:: Source records ::
━━━

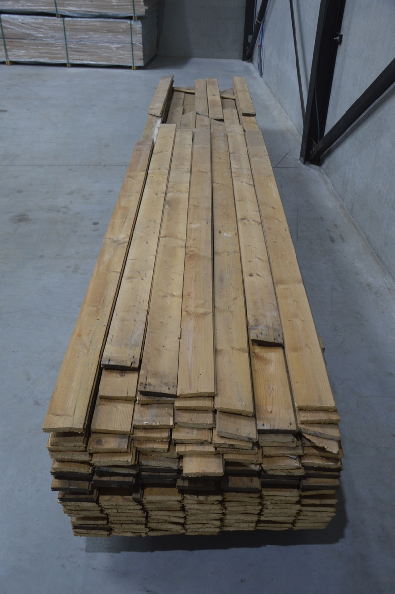 Deze oude grenen planken worden door Destijdsch handmatig uit oude sloopwerken gehaald. Het werd gebruikt als dakbeschot. De planken worden ontspijkerd en klaar gemaakt voor een volgende ronde. Aan de lange zijdes zit een mes en groef. Het hout heeft karakter en duurzamer dan dit kan niet. Zo zie je her en der spijkergaatjes en mooie scheurtjes. De planken zijn eenvoudig te leggen in een vloer of te gebruiken als wand of plafond.
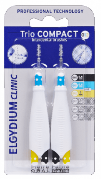 ELGYDIUM CLINIC ESCOVILHÃO TRIO COMPACT é o único sistema compacto e prático que combina três escovilhões num único cabo. Disponível em seis tamanhos diferentes. Cada tamanho tem uma cor correspondente, com diâmetro de arame específico (entre 0,38 e 0,80 mm) e diâmetro de cerdas específico (entre 1,9 e 8 mm) para se adaptar a todos os tamanhos dos espaços interdentários. Cinco versões disponíveis com uma escolha de escovilhões de um único tamanho ou mistos, com vários tamanhos.Têm ainda cerdas bicolores: brancas para revelar as gengivas sensíveis em caso de sangramento, e pretas, mais finas, para facilitar a inserção da escova e visualizar a eliminação da placa bacteriana.
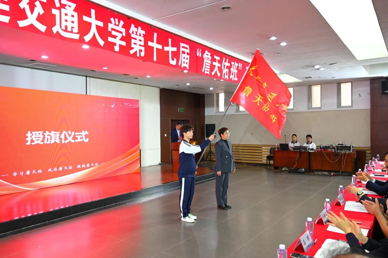 2023级“詹天佑班”班导师李永华为“詹天佑班”授旗
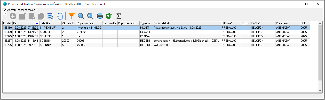 Ak vás zaujímajú zmeny konkrétnych záznamov - v príslušnom okne programu napr. cenník stlačte na vybranom zázname klávesy Alt + Num + a stlačte tlačidlo Zobraziť vybrané udalosti z histórie vybraného záznamu.
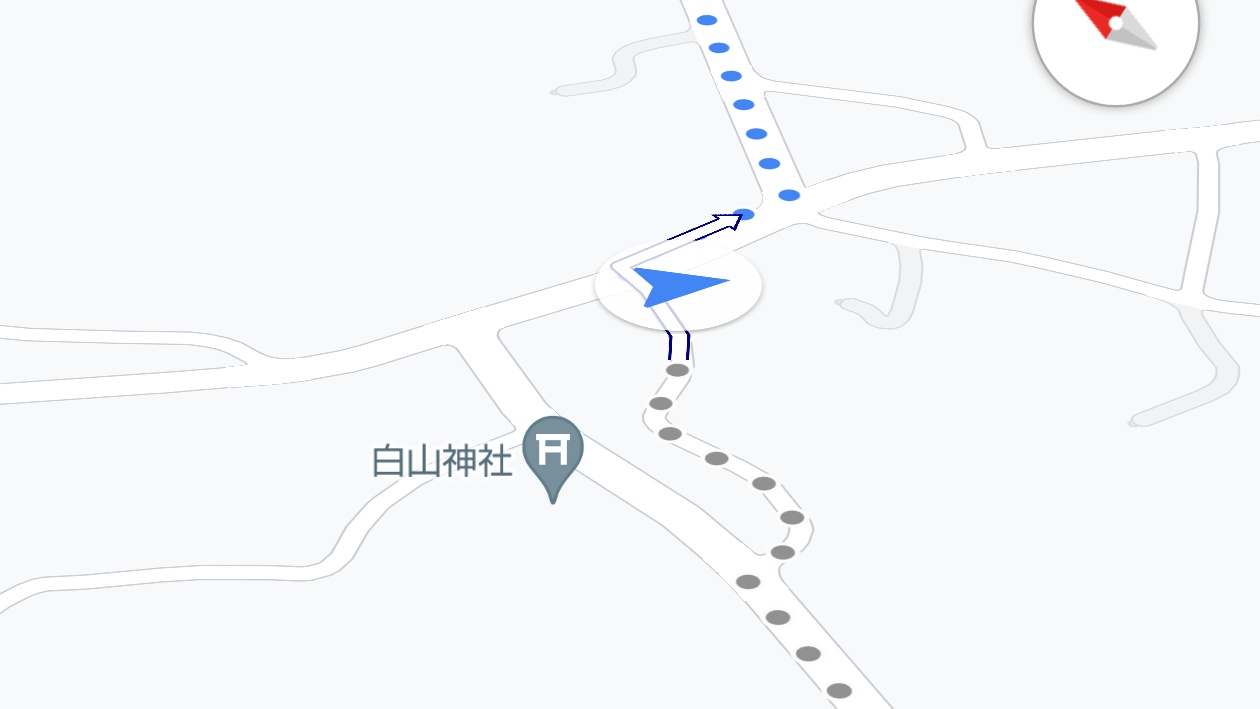 途中Googleマップを見ながら進むと、なんかクネクネした道を通れと。しかしこれどう見ても人ん家な気がするんですが……。なので直角に曲がるコースに迂回して進むことに。こういうのがあるんですよねGoogleマップって。

━━━

:: Directions for this task ::
Only the pictures are to be dropped; all other material above must be repeated exactly.

:: Answer section ::
 Deze oude grenen planken worden door Destijdsch handmatig uit oude sloopwerken gehaald. Het werd gebruikt als dakbeschot. De planken worden ontspijkerd en klaar gemaakt voor een volgende ronde. Aan de lange zijdes zit een mes en groef. Het hout heeft karakter en duurzamer dan dit kan niet. Zo zie je her en der spijkergaatjes en mooie scheurtjes. De planken zijn eenvoudig te leggen in een vloer of te gebruiken als wand of plafond.
 ELGYDIUM CLINIC ESCOVILHÃO TRIO COMPACT é o único sistema compacto e prático que combina três escovilhões num único cabo. Disponível em seis tamanhos diferentes. Cada tamanho tem uma cor correspondente, com diâmetro de arame específico (entre 0,38 e 0,80 mm) e diâmetro de cerdas específico (entre 1,9 e 8 mm) para se adaptar a todos os tamanhos dos espaços interdentários. Cinco versões disponíveis com uma escolha de escovilhões de um único tamanho ou mistos, com vários tamanhos.Têm ainda cerdas bicolores: brancas para revelar as gengivas sensíveis em caso de sangramento, e pretas, mais finas, para facilitar a inserção da escova e visualizar a eliminação da placa bacteriana.
 2023级“詹天佑班”班导师李永华为“詹天佑班”授旗
 Ak vás zaujímajú zmeny konkrétnych záznamov - v príslušnom okne programu napr. cenník stlačte na vybranom zázname klávesy Alt + Num + a stlačte tlačidlo Zobraziť vybrané udalosti z histórie vybraného záznamu.
 途中Googleマップを見ながら進むと、なんかクネクネした道を通れと。しかしこれどう見ても人ん家な気がするんですが……。なので直角に曲がるコースに迂回して進むことに。こういうのがあるんですよねGoogleマップって。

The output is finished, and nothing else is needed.